▶ [Required work]: Repeat everything in the data exactly except images.
-------- Dataset excerpt
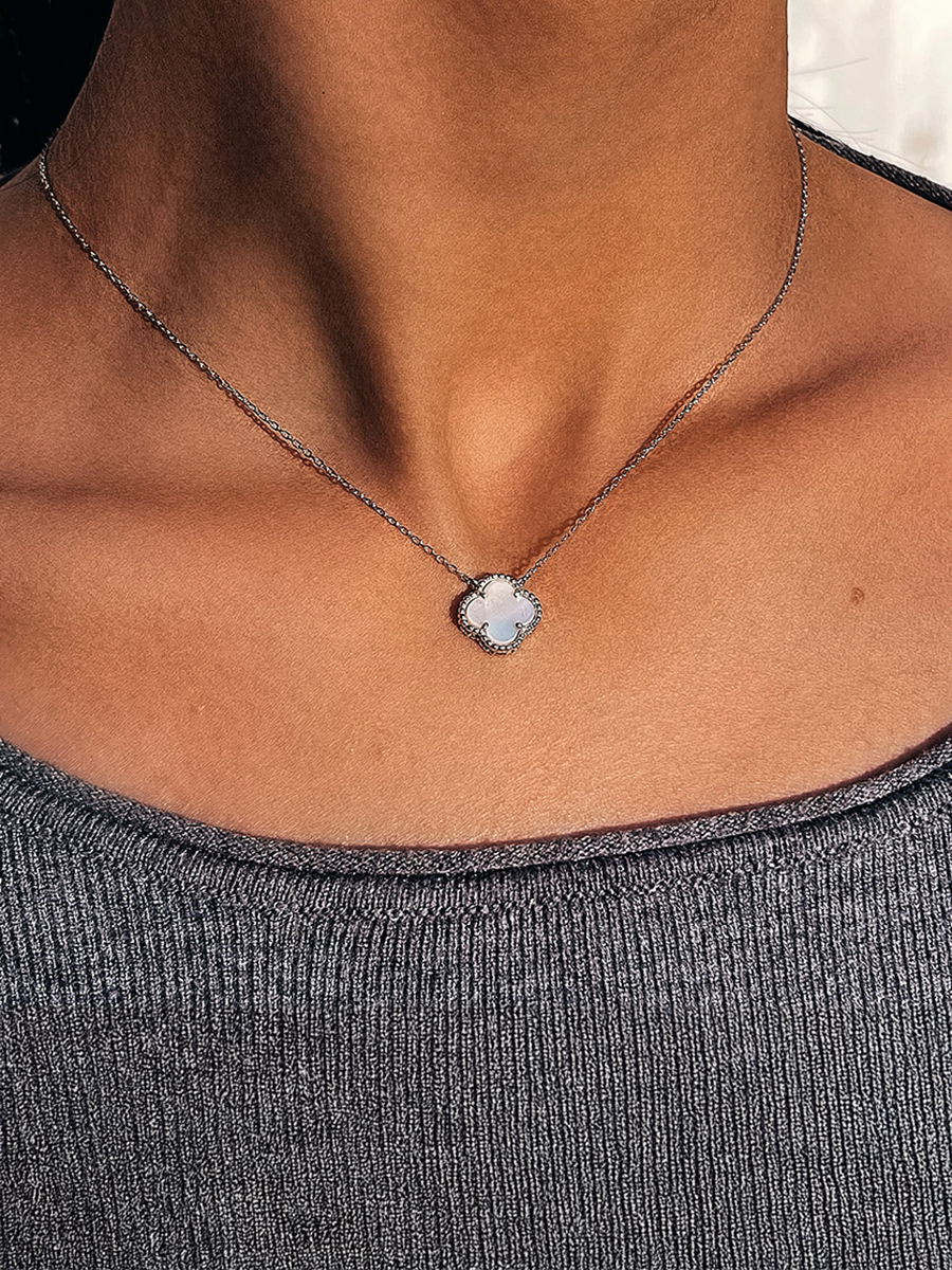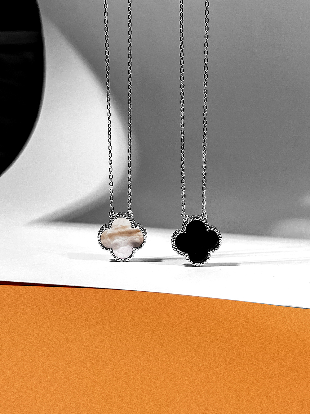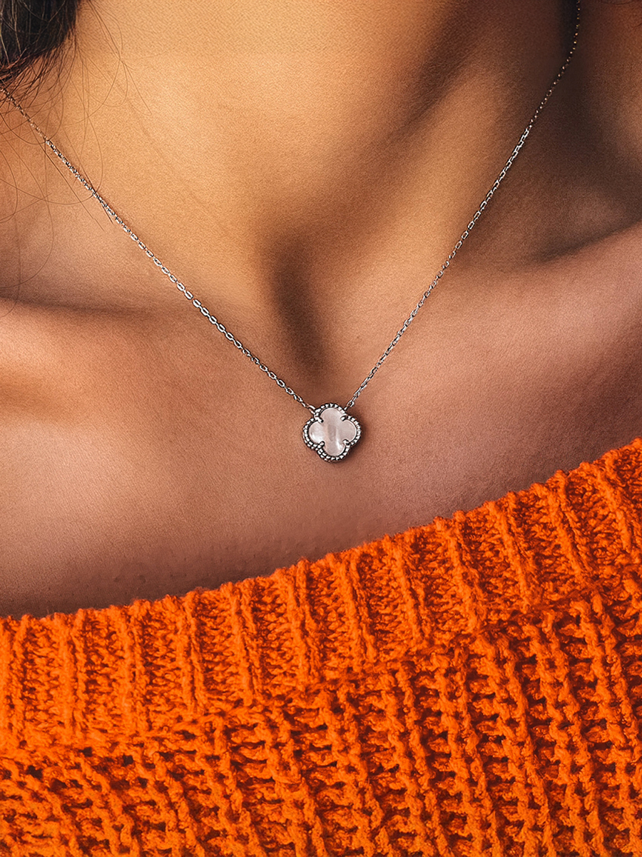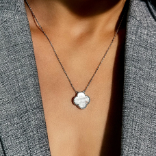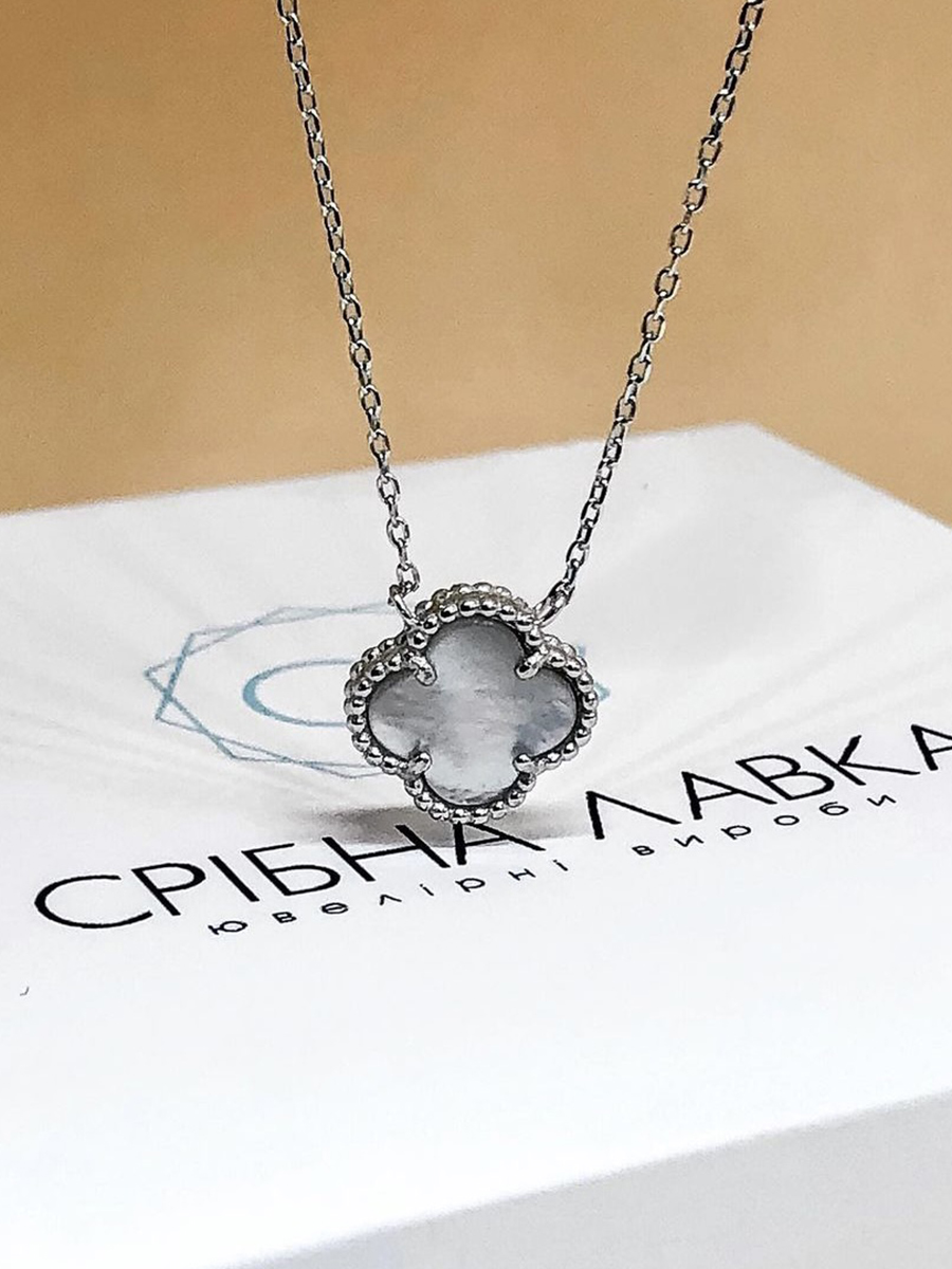 Трендове срібне кольє з чотрилисником який прикрашений перламутрм. Ланцюжок оснащено інноваційною застібкою-слайдер яка дозволяє легко регулювати довжину прикраси.
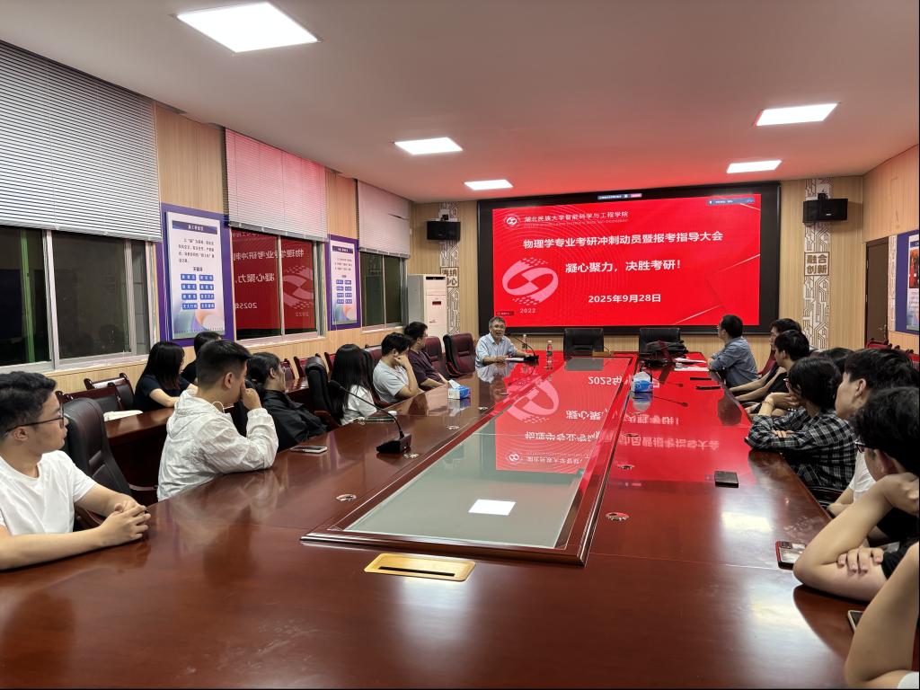 为鼓舞考研学子士气,提供科学备考指导,助力学生成功“上岸”,2025年9月28日,我院物理学专业在集成楼212会议室召开了考研冲刺动员暨报考指导大会。物理系党支部书记蒋冰峰教授、研究生办公室负责人艾青主任出席会议,全体备战考研的毕业生参会。会议由专业负责人刘显明教授主持。
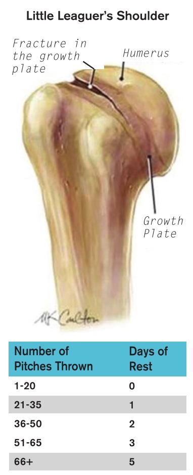 Little league shoulder is an overuse injury caused by stress to the growth plate of the humerus. This is most commonly seen in youth overhand pitchers ages 11 to 16. Causes of this injury include poor throwing mechanics, muscle imbalance and repetitive overhand throwing without proper rest. The child will often describe deep shoulder pain and weakness. There is a risk of growth plate damage if left untreated. Thankfully, the vast majority of these cases will improve with proper rest and avoidance of throwing. Once pain free, throwers can gradually return to their sport after participating in a formal throwing program supervised by a physical therapist.
----------------
▶ [Answer space]:
 Трендове срібне кольє з чотрилисником який прикрашений перламутрм. Ланцюжок оснащено інноваційною застібкою-слайдер яка дозволяє легко регулювати довжину прикраси.
 为鼓舞考研学子士气,提供科学备考指导,助力学生成功“上岸”,2025年9月28日,我院物理学专业在集成楼212会议室召开了考研冲刺动员暨报考指导大会。物理系党支部书记蒋冰峰教授、研究生办公室负责人艾青主任出席会议,全体备战考研的毕业生参会。会议由专业负责人刘显明教授主持。
 Little league shoulder is an overuse injury caused by stress to the growth plate of the humerus. This is most commonly seen in youth overhand pitchers ages 11 to 16. Causes of this injury include poor throwing mechanics, muscle imbalance and repetitive overhand throwing without proper rest. The child will often describe deep shoulder pain and weakness. There is a risk of growth plate damage if left untreated. Thankfully, the vast majority of these cases will improve with proper rest and avoidance of throwing. Once pain free, throwers can gradually return to their sport after participating in a formal throwing program supervised by a physical therapist.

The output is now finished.